Uncertainty in Host Country
A company is subject to the host country and international’s cultural, economic, social, and political conditions when investing in a new country. If the host country undergoes particular economic or political havoc or rejects the company, it is expected to suffer accordingly in due course. For instance, in the previous years, the rigidity between South Korea and Japan has escalated, ending in the 1st half of 2019, leading to numerous Japanese firms in South Korea the objective of anti-Japanese demonstration, slowdowns, and impose sanctions (Lee & Reynolds, 2019). In connection to that, the same can happen to American companies doing business abroad. A recent report has shown that many companies in the United States have shown their interest in leaving or reducing their investment in China because of the fear of the growing trade war’s significance between China and America. The situation does not just have a significant impact on small and medium enterprises (SMEs) but also giant firms like Google, who in the recent past had intentions of expanding its business prospects in the China Republic.
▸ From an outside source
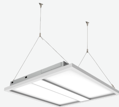
Kits de suspensión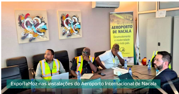
ExportaMoz nas instalações do Aeroporto Internacional de Nacala

No âmbito da missão à Província de Nampula, a ExportaMoz reuniu-se com a Direcção do Aeroporto Internacional de Nacala para avançar com a implementação do Memorando de Entendi-

While offering businesses with wonderful prospects of increasing their clientele base, competitiveness, heightening effectiveness, and reducing cost, global expansion can be expensive for companies and needs detailed strategizing. To fruitfully go international, there are several aspects for a business to deliberate. First, the company has to spend enough resources on learning about the new nation concerning economic and political state of affairs, local practice, compliance cost, target clients, existing competitors, and culture. On top of that, going international has to bring into line with the firm’s long-term expansion tactic and the vision of the leadership, human resources, and organizational principles. With watchful preparation and implementation, the company has higher chances of joining the globalization movement.
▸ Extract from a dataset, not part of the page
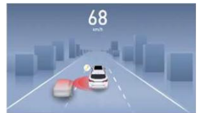
BSD Sustav nadzora mrtvih kutova LCA Sustav pomoći pri promjeni trake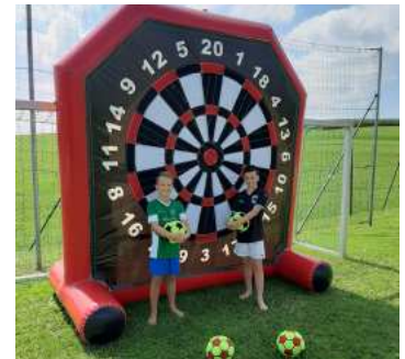
Familiennachmittag - Jung

Da uns heuer ein nicht eingeladener Gast namens COVID-19 besuchte, blieben unsere Grillabende größtenteils aus. Einen Grillabend beim Kegelcup im September konnten wir jedoch genießen. Das Kistenfleisch, welches von unseren Meisterköchen zubereitet wurde, war ein absoluter Gaumenschmaus.

Elia, S., & Santangelo, G. D. (2017). The evolution of strategic asset-seeking acquisitions by emerging market multinationals. International Business Review, 26(5), 855-866.
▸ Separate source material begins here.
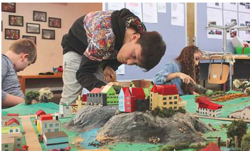
Letzter Feinschliff vor der grossen Eröffnungsfeier.

Lee, J. & Reynolds, I., 2019. South Korea, Japan Strike Calmer Note After Months of Tension. [Online] Available at https://www.bloomberg.com/news/articles/2019-08-14/japan-south-korea-ties-tested-again-as-region-marks-war-s-end [Accessed August 2021].
Morgan, J. P. (2019). Global M&A Outlook Unlocking value in a dynamic market. JP Morgan.
Tulung, J. E. (2017). Resource availability and firm’s international strategy as critical determinants of entry mode choice. Jurnal Aplikasi Manajemen, 15(1), 160-168.